On ONNX-ASR (vs whisper): ONNX-ASR is not a model but a standard format and runtime used to aggressively optimize ASR models (like Whisper) to run at their peak speed using the full capabilities of the GPU. This optimization ensures the Speech-to-Text phase is near-instantaneous, eliminating a critical source of conversational delay.
My home lab runs on Proxmox, and wherever possible, I choose LXC over VM.
LXC vs. VM: The reason for choosing LXC is that it allows multiple containers to share the same GPU resources by granting access to the host’s drivers, whereas a VM requires exclusive hardware passthrough.
LXC vs. Docker (Inside LXC): The reason for avoiding Docker inside the LXC is to achieve near-bare-metal performance and simplified, low-overhead GPU resource sharing. Running nested virtualization with Docker adds an unnecessary layer of overhead that would counteract the goal of minimum latency.
how is your qwen instance setup (context window size)
how many entities are you exposing
and how many tools/scripts intents do you have
(I’m trying to get a feel for how big you can go in your setup - context window is going to bite you in this config… so how many entities do you expose to assist)
Let me clarify: I’m at the beginning of my voice assistant journey. So far, I’ve focused on understanding the required components, available options, deployment methods, and which workloads can be offloaded to the GPU. Since I didn’t find any reference for an LXC-based deployment of the component I’m using (aside from Ollama), I decided to share what I’ve put together. Wyoming-Kokoro was particularly tricky to set up.There doesn’t seem to be a GPU based working example available, so I had to fork an existing project and add CUDA support.
My current setup may not be the final target. Both ONNX-ASR and Kokoro also run decently on CPU, so in case of VRAM constraints, I may adjust the configuration. Removing the dependency on the GPU node would allow them to run on any node in my Proxmox cluster. That would be ideal for a high-availability deployment (I know… probably overkill, but still interesting to me).
Getting back to the questions: the 3060 has 12GB, and my Qwen model currently runs with the default configuration. Entities should be around 20–30, but I’m moving soon to a new house where I’m building a fairly extensive Zigbee network, so the number will increase. I don’t have any tools or scripts yet, that’s what I’ll be looking into next.
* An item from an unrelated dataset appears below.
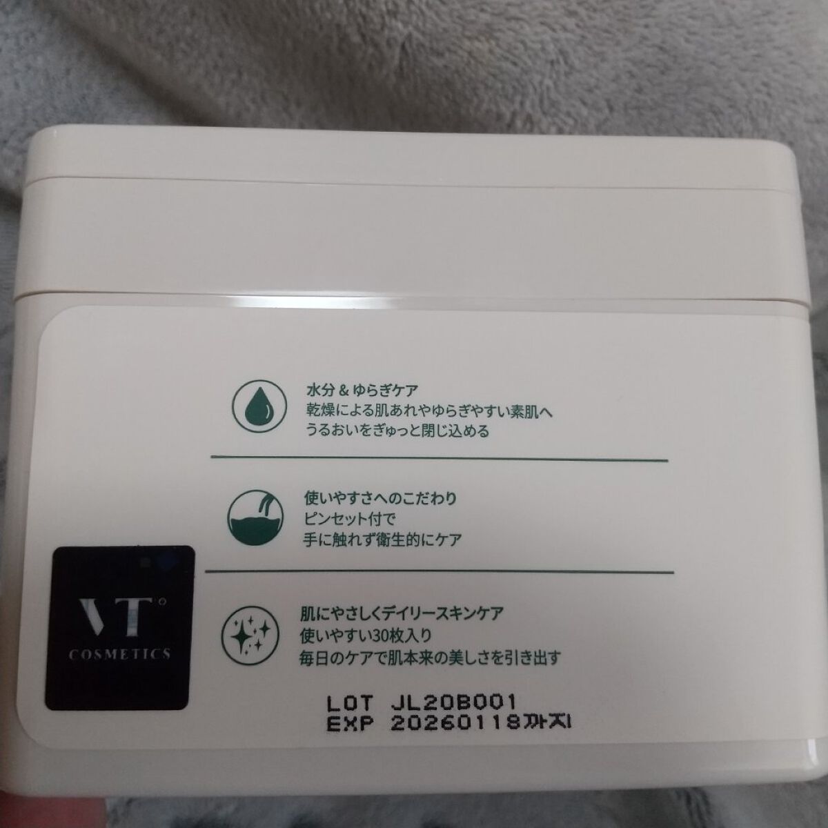 - VTのベストセラー商品がナチュラル処方になって登場。0.2mmの極薄エコフレンドリーシートが肌にやさしく密着。ツボクサ※1とローズマリー※5の肌保護、アロエ※2の肌への保湿効能が適度に 配合され、健やかな肌に導いてくれます。 ※1ツボクサエキス(整肌) ※2アロエベラ葉エキス(保湿)

Hello, and thanks a lot for sharing your experience. I’m at the very beginning of setting up the same kind of functionnality and I’m really impressed by what you achieved so far. For now I’m only running ollama on a vm under proxmox but since I don’t have any dedicated gpu yet, it 's running under pure cpu (host).
My first question would be to know why you didn’t use assist ? Is it because piper and whisper were the only available options ? Is it because you want to have a kind of personnal assistant, beyond the only domotic scope ?
I don’t see anything where they say they ARENT using assist. Everything I see there is the local components for assist. It’s similar to how I have Friday setup. Local components do not mean not using assist.
Hi, could you give me a write-down of how you installed onnx-asr? kokoro was not an issue with the steps provided on the github, but with onnx-asr I am a bit stuck…